TASK TO COMPLETE:
Copy the listing below exactly, but skip the pictures.

RECORDED INFORMATION:
....

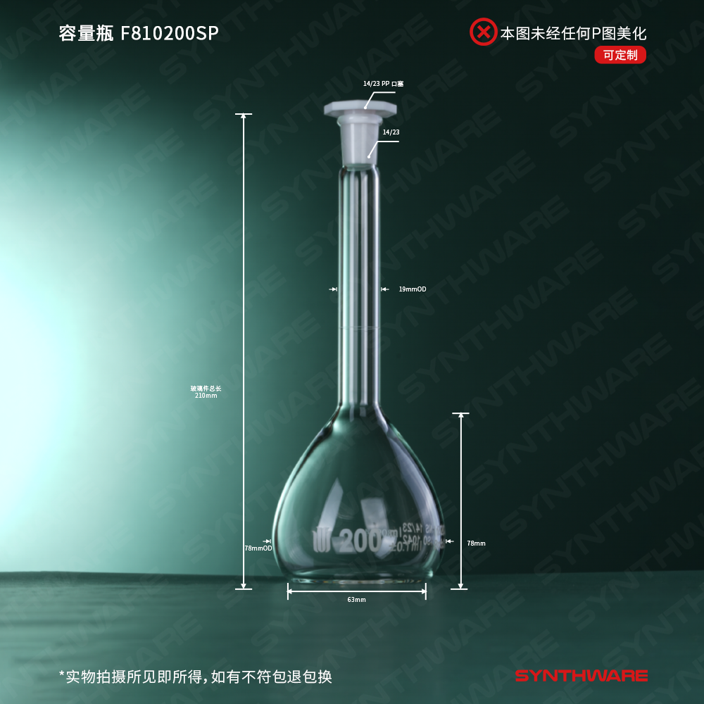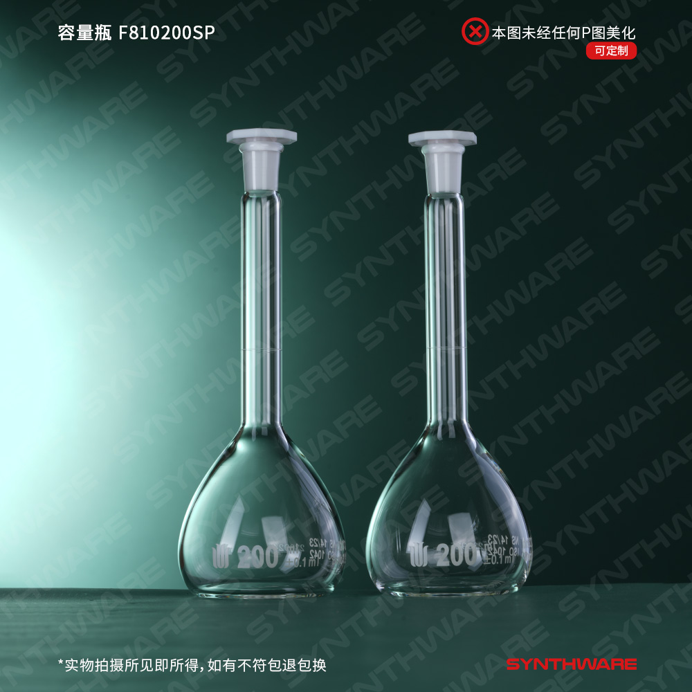 14/23口 200ml容量瓶,标配塑料塞,不带个体检测证书,2支/盒 F810200SP
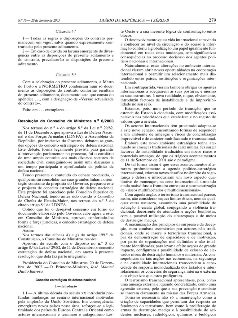 1 Todas as regras e disposies do contrato permanecem em vigor, salvo quando expressamente contrariadas pelo presente aditamento. 2 Em caso de dvida ou lacuna emergente de divergncia entre as disposies do presente aditamento e do contrato, prevalecero as disposies do presente aditamento. Clusula 5.a Com a celebrao do presente aditamento, a Metro do Porto e a NORMETRO condensam num s documento as disposies do contrato conforme resultam do presente aditamento, documento este que consta do apndice . . ., com a designao de Verso actualizada do contrato. Feito em . . . exemplares . . . Resoluo do Conselho de Ministros n.o 6/2003 Nos termos do n.o 4 do artigo 8.o da Lei n.o 29/82, de 11 de Dezembro, que aprova a Lei de Defesa Nacional e das Foras Armadas (LDNFA), a Assembleia da Repblica, por iniciativa do Governo, debateu as grandes opes do conceito estratgico de defesa nacional. Este debate, forma legalmente prevista para garantir a interveno parlamentar no processo, foi o corolrio de uma ampla consulta aos mais diversos sectores da sociedade civil, conseguindo-se assim uma discusso a um tempo participada e aprofundada da poltica de defesa nacional. Tendo presente o contedo do debate produzido, o qual permitiu consolidar nas suas grandes linhas a orientao constante da proposta do Governo, preparou este o projecto de conceito estratgico de defesa nacional. Este projecto foi apreciado pelo Conselho Superior de Defesa Nacional, tendo antes sido ouvido o Conselho de Chefes de Estado-Maior, nos termos do n.o 3 do citado artigo 8.o da LDNFA. Obtido que foi o desejvel consenso em torno do documento elaborado pelo Governo, cabe agora a este, em Conselho de Ministros, aprovar, conferindo-lhe forma e fora jurdicas, o conceito estratgico de defesa nacional. Assim: Nos termos das alneas d) e g) do artigo 199.o da Constituio, o Conselho de Ministros resolve: Aprovar, de acordo com o disposto no n.o 3 do artigo 8.o da Lei n.o 29/82, de 11 de Dezembro, o conceito estratgico de defesa nacional, em anexo presente resoluo, que dela faz parte integrante. Presidncia do Conselho de Ministros, 20 de Dezembro de 2002. O Primeiro-Ministro, Jos Manuel Duro Barroso.
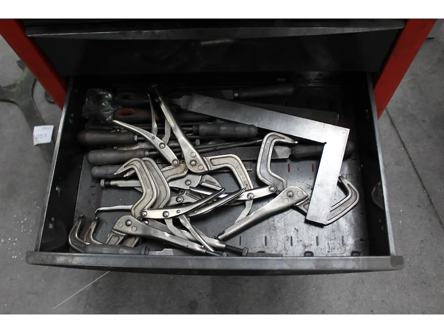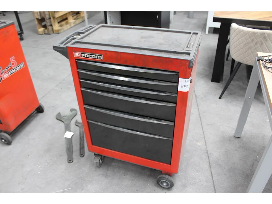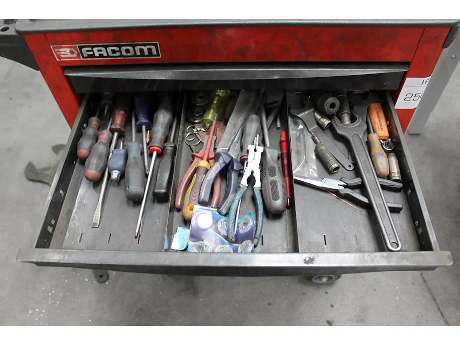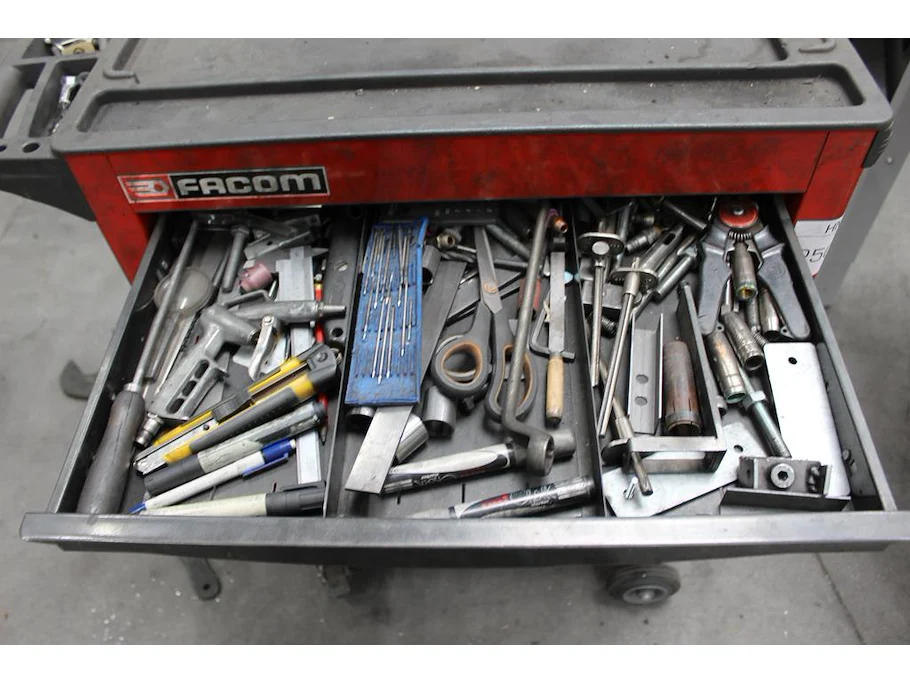 Gereedschapswagen facom chrono 5 gevuld met divers gereedschap w.o. vijlen, sleutels, schroevendraaiers, ta...
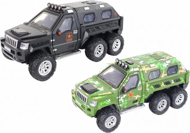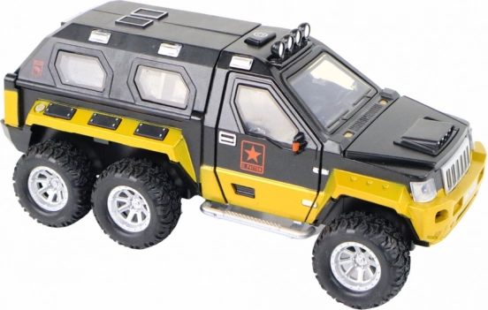 Realistycznie wykonany samochód terenowy dla małych odkrywców oferuje wysuwane działo, efekty świetlne i dźwiękowe oraz napęd bezwładnościowy dla dynamicznej jazdy. Dzięki gumowym kołom płynnie porusza się po różnych nawierzchniach, wykonany jest z wysokiej jakości plastiku i dostępny w 3 kolorach (czarny, żółty, moro). Zasilanie 3× AAA (brak w zestawie). Odpowiedni od 3 lat. Wymiary 18 × 7 × 9,5 cm.

....

RESULT OF THIS EXERCISE:
 14/23口 200ml容量瓶,标配塑料塞,不带个体检测证书,2支/盒 F810200SP
 1 Todas as regras e disposies do contrato permanecem em vigor, salvo quando expressamente contrariadas pelo presente aditamento. 2 Em caso de dvida ou lacuna emergente de divergncia entre as disposies do presente aditamento e do contrato, prevalecero as disposies do presente aditamento. Clusula 5.a Com a celebrao do presente aditamento, a Metro do Porto e a NORMETRO condensam num s documento as disposies do contrato conforme resultam do presente aditamento, documento este que consta do apndice . . ., com a designao de Verso actualizada do contrato. Feito em . . . exemplares . . . Resoluo do Conselho de Ministros n.o 6/2003 Nos termos do n.o 4 do artigo 8.o da Lei n.o 29/82, de 11 de Dezembro, que aprova a Lei de Defesa Nacional e das Foras Armadas (LDNFA), a Assembleia da Repblica, por iniciativa do Governo, debateu as grandes opes do conceito estratgico de defesa nacional. Este debate, forma legalmente prevista para garantir a interveno parlamentar no processo, foi o corolrio de uma ampla consulta aos mais diversos sectores da sociedade civil, conseguindo-se assim uma discusso a um tempo participada e aprofundada da poltica de defesa nacional. Tendo presente o contedo do debate produzido, o qual permitiu consolidar nas suas grandes linhas a orientao constante da proposta do Governo, preparou este o projecto de conceito estratgico de defesa nacional. Este projecto foi apreciado pelo Conselho Superior de Defesa Nacional, tendo antes sido ouvido o Conselho de Chefes de Estado-Maior, nos termos do n.o 3 do citado artigo 8.o da LDNFA. Obtido que foi o desejvel consenso em torno do documento elaborado pelo Governo, cabe agora a este, em Conselho de Ministros, aprovar, conferindo-lhe forma e fora jurdicas, o conceito estratgico de defesa nacional. Assim: Nos termos das alneas d) e g) do artigo 199.o da Constituio, o Conselho de Ministros resolve: Aprovar, de acordo com o disposto no n.o 3 do artigo 8.o da Lei n.o 29/82, de 11 de Dezembro, o conceito estratgico de defesa nacional, em anexo presente resoluo, que dela faz parte integrante. Presidncia do Conselho de Ministros, 20 de Dezembro de 2002. O Primeiro-Ministro, Jos Manuel Duro Barroso.
 Gereedschapswagen facom chrono 5 gevuld met divers gereedschap w.o. vijlen, sleutels, schroevendraaiers, ta...
 Realistycznie wykonany samochód terenowy dla małych odkrywców oferuje wysuwane działo, efekty świetlne i dźwiękowe oraz napęd bezwładnościowy dla dynamicznej jazdy. Dzięki gumowym kołom płynnie porusza się po różnych nawierzchniach, wykonany jest z wysokiej jakości plastiku i dostępny w 3 kolorach (czarny, żółty, moro). Zasilanie 3× AAA (brak w zestawie). Odpowiedni od 3 lat. Wymiary 18 × 7 × 9,5 cm.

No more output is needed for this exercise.